Should I buy TSLA shares?

I have to admit, this ARK target report is truly a stuff of legend. Many have already commented on it, but I’ll share some highlights from Christopher Bloomstran…

Let’s go right to the insurance valuation and model update, where the analyst assumes in a BEAR case Tesla’s “Insurance Operation” is worth $23B in 2025, four short years from now. It’s clear that the author and firm have no clue how insurance works. Harsh, I know.

To begin and to be clear, Tesla has ZERO insurance underwriting operations. They are brokering auto policies in California alone for an underwriting fronting sub owned by Markel. The business written is so small to not be quantified either by Tesla or Markel in SEC reporting.

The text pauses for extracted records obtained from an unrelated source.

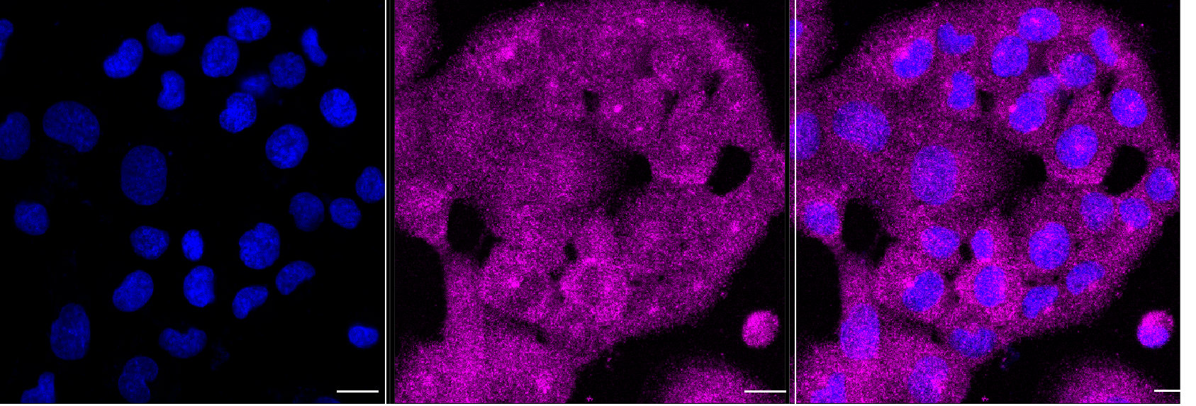 Immunocytochemical staining of HepG2 cells with Casein kinase 1 epsilon antibody. Nuclei were stained blue with DAPI; Casein kinase 1 epsilon was stained magenta with Alexa Fluor? 647. Images were taken using Leica stellaris 5. Protein abundance based on laser Intensity and smart gain: Medium. Scale bar, 20 μm.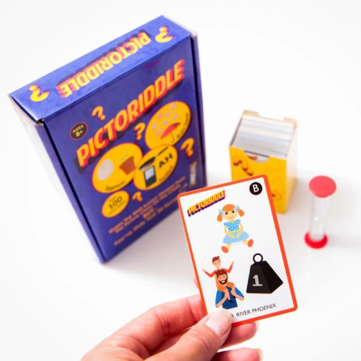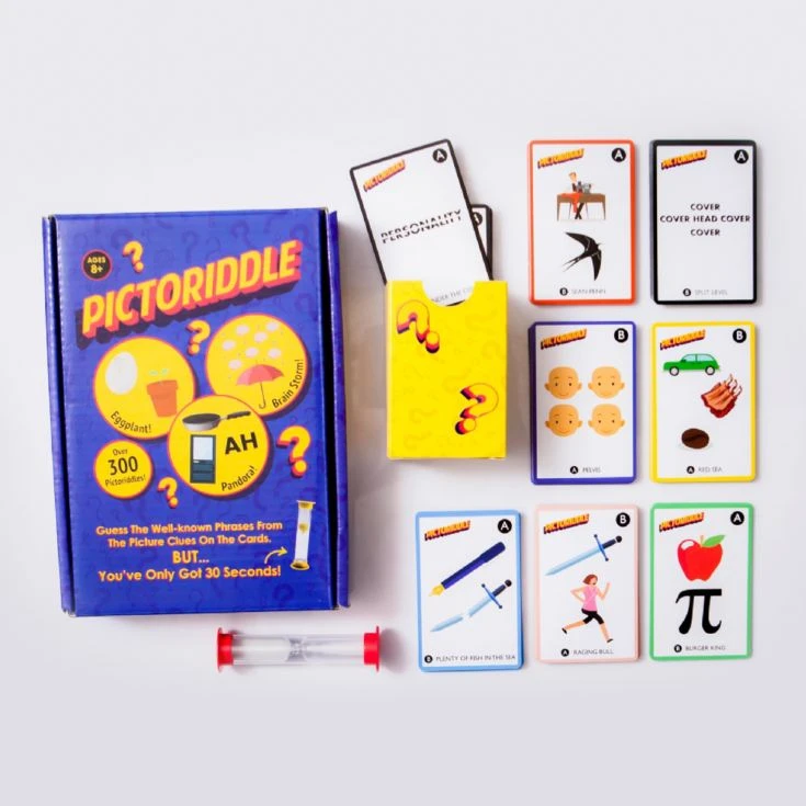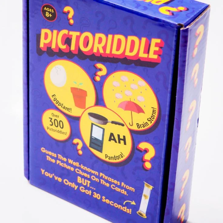 Start game night with this fast-paced, mind-boggling Pictoriddle Game. The game is simple, but simple does not always mean easy. Set the timer, flip the card, and guess the picture riddle that you see. Any idea what an apple and the mathematical pi symbol mean? How about a bunch of brains raining down on an umbrella? You have only 30 seconds to guess the right answer. How good are you under pressure? With over 300 cards, you can twist your tongue and boggle your brain for hours! This is a great game to play with family and friends. Product Reference: FM-BOX903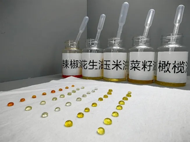 迄今,无氟防水剂在防水应用上已有了较快的发展。然而,由于表面张力较高,国内外企业的在售无氟产品,无论是丙烯酸酯类、聚氨酯类,还是有机硅类的防水剂,都无法赋予织物防油的性能,即便是生活中常见的植物油也无法防护(烃油表面张力通常在20~36 mN/m范围内,橄榄油的表面能约32 mN/m,根据类型,植物油的表面能通常低至30 mN/m)。因此,无氟整理剂的应用领域仍然受到很大限制。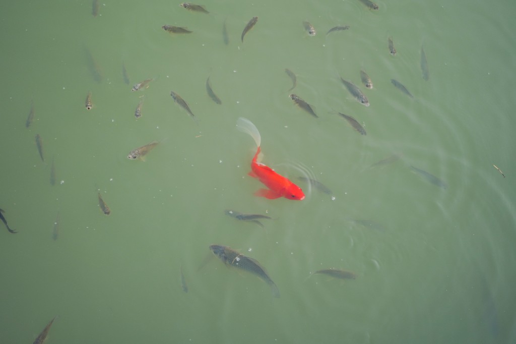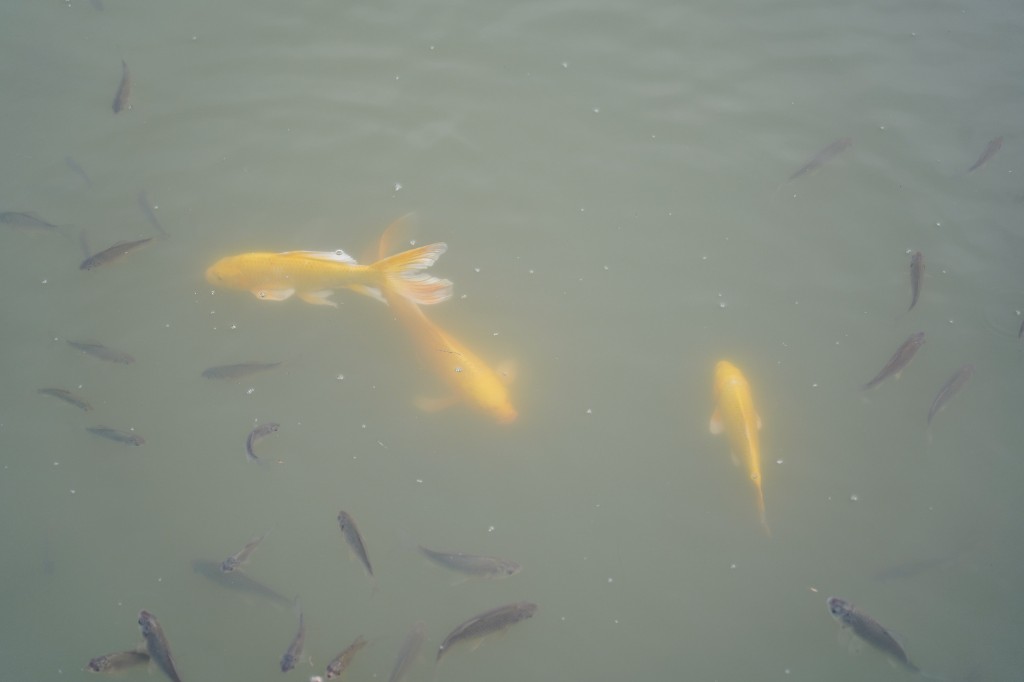 不仅如此,87亩水面的龙湖里还放养着大大小小的各种鱼儿。从2019年夏天开始,中北学院在龙湖投放了草鱼、青鱼、鲢鱼、鳙鱼、鲫鱼鱼苗,这些鱼儿在野生的环境里生长,至今已有三年的时间。一般的鱼已经长到两三斤,大鱼长到了五六斤。平时小个的鲫鱼,大个的草鱼成群结队地在湖面巡游,和湖中游弋的天鹅阵列一样,成为师生环湖行走时龙湖里的风景。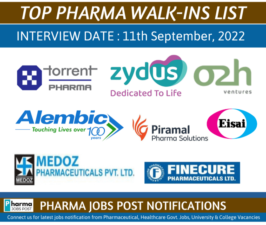 TOP PHARMA WALK-INS INTERVIEW LIST -11th September, 2022

The analyst writes, “ARK believes that in the next few years Tesla could roll out its insurance offering to more states, underwriting its own insurance policies. Because its vehicles have better than average safety profiles, Tesla should be able to use real-time data to offer insurance in its vehicles, pricing it dynamically, lowering customer acquisition costs, and increasing margins. Relative to Progressive’s 13% EBIT margin in 2019, ARK estimates that Tesla could achieve margins close to 40%. If it were to sell 40% of vehicles with its own insurance offering by 2025, Tesla’s insurance revenues could approach $23 billion annually in our bear case.”

The ARK “bear case” assumes insurance revenues of $23 billion and a 40% EBIT margin in 2025 with 5 million vehicles sold, up 10x from 500k in 2020. Hold underwriting aside for a minute and think about brokerage.

Let’s give ARK credit and assume Tesla brokers the insurance on 40% of all Teslas sold over the next four years, call total sales 10 million units. At a ballpark industry average $1,600 in annual premium, total insurance policy revenue totals $16B on all Teslas sold.

Brokerages and agencies will earn on average 15% of total auto premiums as commissions, so revenues at the 2025 run rate yields $2.4B in annual commissions to TSLA. How in the world do you get to $23 billion in ARK assumed insurance revenues? Must be underwriting, correct?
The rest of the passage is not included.